Sobre los ojos también había leído algo, pero me interesa que sigan poniendo. Entre más cosas, mejor.

Lo de los poíticos también se sabe. No hay más que ver la de fascistas que han gobernado (y gobiernan) muchas naciones, por ejemplo, el ser más despreciable que jamás se haya conocido: Hitler (experto en psicología).

Siento este OFF-TOPIC.

Que los sabios hablen sobre el lenguaje corporal que me interesa mucho!!

----------


## pinkyzilla

Amigos:

            Como ya lo hice en otro hilo me presento. Soy un mago AMATEUR de Chile, 27 años. Por diversas cosas de la vida se de PNL e Hipnosis ericksoniana. La verdad la PNL existe. Lo que no existe son FORMULAS. Es decir, la mayoría de la gente reacciona de manera relativamente parecida, pero no todos. Lo mas importante es estar atento a las propias señales que te da la persona con que te comunicas.
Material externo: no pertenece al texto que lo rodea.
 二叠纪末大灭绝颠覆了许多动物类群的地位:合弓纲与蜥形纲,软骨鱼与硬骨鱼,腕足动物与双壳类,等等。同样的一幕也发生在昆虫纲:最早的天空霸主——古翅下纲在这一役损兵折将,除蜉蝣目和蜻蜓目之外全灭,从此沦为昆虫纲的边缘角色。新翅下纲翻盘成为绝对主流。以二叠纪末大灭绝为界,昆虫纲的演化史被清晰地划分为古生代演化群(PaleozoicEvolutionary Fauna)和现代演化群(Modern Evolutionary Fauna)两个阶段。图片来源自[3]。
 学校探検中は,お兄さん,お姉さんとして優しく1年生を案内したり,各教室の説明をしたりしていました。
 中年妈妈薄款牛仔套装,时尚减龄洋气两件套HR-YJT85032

Lo importante no es lo que se dice literalmente. Esdtas herramientas son valiosisimas. He estado muy interesado en lo que hace el amigo Brown y la verdad muchos de sus trucos he podido recrearlos con exito........otros simplemente me han dejado pillo, jaja. Ignoro si este tema debiera estar en foro abierto (en todo caso no tengo entrada al area mas secreta, jaja, este es mi 2do o 3era respuesta). Les recomiendo hacerse de algunos libros de Richard Bandler o John Grinder (La estructura de la magia I y II).

MUCHAS veces hay comando imbuidos, es decir COSAS que se hacen resaltar dentro de una comunicacion, que ESTAN EN  otro nivel y por lo tanto "pasan" por el sedaso de LA CONCIENCIA. (jaja, fue un ejemplo grotesco). 
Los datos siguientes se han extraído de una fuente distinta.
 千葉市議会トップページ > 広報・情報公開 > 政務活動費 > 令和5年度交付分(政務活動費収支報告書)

Otra cosa es no PENSAR EN EL COLOR AZUL (si lo primero que pensaste es en el AZUL, pues bien, no estás loco, jaja)

    No sé, son´sólo ejemplos, ignoro si este tema debiera ser tratado tan abiertamente. Estoso conocimientos no creo que deban estar destinados a la masificacion.  Bueno, creo q lo unico importante en mi mensaje fue la recomendacion de los libros, jeje.

----------


## Azran

Un breve inciso para añadir. 

Cuando una persona está a la defensiva cruza los brazos, cuando una persona miente o no esta segura de lo que dice le pica la nariz (de ahí el cuento de pinocho) y se la toca constantemente (la nariz, mal pensaos). A veces cuando una persona miente, parpadea con mas frecuencia o cada vez que parpadea mantiene los ojos cerrados mas tiempo (esto es una respuesta psicologica al "tierra tragame"). Y luego lo que todos sabemos, manos sudorosas, voz titubeante, (lo tipico que nos suele ocurrir cuando presentamos un juego por primera vez y no lo hemos estudiado a la perfeccion).
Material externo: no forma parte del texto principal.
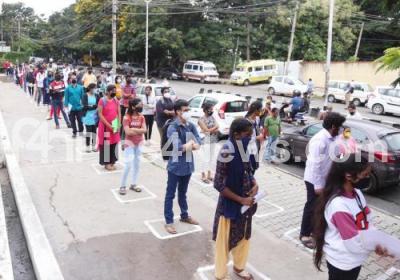 Students arrive at designated center for CET exams at SSMRV College, in Bengaluru on Thursday 30th July 2020
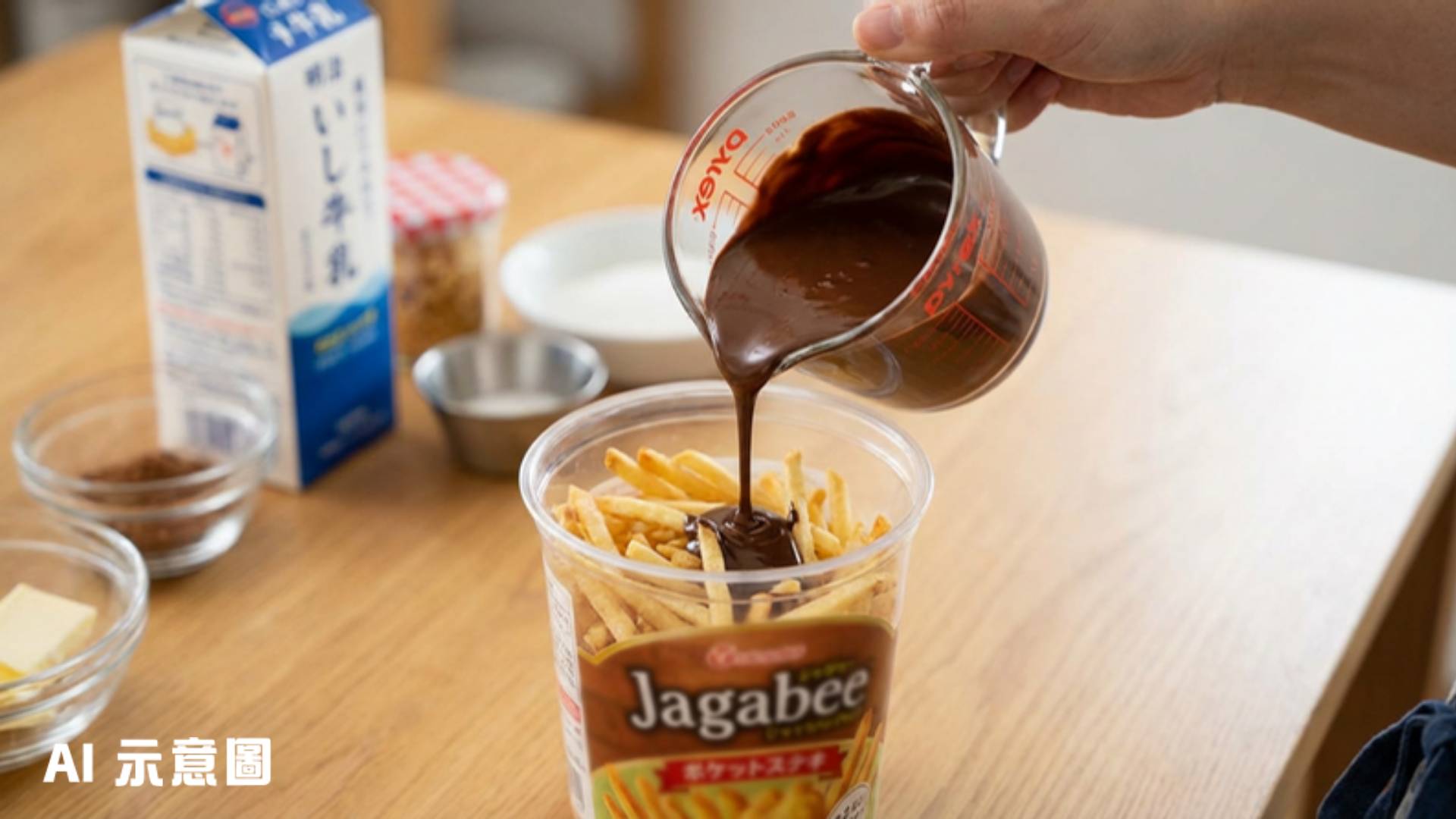 呢位日本記者P.K. Sanjun本身都係想跟風試整「品客朱古力」,但去到便利店時,佢嘅目光就被貨架上嘅Calbee「Jagarico」薯條吸引住。佢心諗:「既然都係筒裝,點解唔試下用呢款日本國民零食?」於是佢即刻買咗一筒Jagarico同埋一排Lotte Ghana牛奶朱古力。做法同原版一樣簡單到爆,首先將朱古力隔熱水座溶,然後打開Jagarico,將熱辣辣嘅朱古力漿慢慢倒入去,期間輕輕敲打杯身,確保朱古力漿填滿所有空隙。最後用保鮮紙包好,放入雪櫃冷藏足足4個鐘就大功告成!

Hay personas que se sienten mas inseguras en una conversación si les miras solo a uno de los dos ojos, el  izquierdo si son diestras y el derecho si son zurdas.

----------


## zarkov

Para los interesados en este tema os recomiendo un libro no mágico pero interesante que me recomendaron y del que he aprendido mucho en estos días:

Título: La comunicación no verbal.
Autora: Flora Davis.
Título original: Inside Intuition - What we Knew About Non-Verbal Communication.

Alianza Editorial.
Colección El libro de Bolsillo.
ISBN: 84-206-1616-8

No es moderno, pero sirve para arrancar.

----------


## canuto

> y se la toca constantemente (la nariz, mal pensaos).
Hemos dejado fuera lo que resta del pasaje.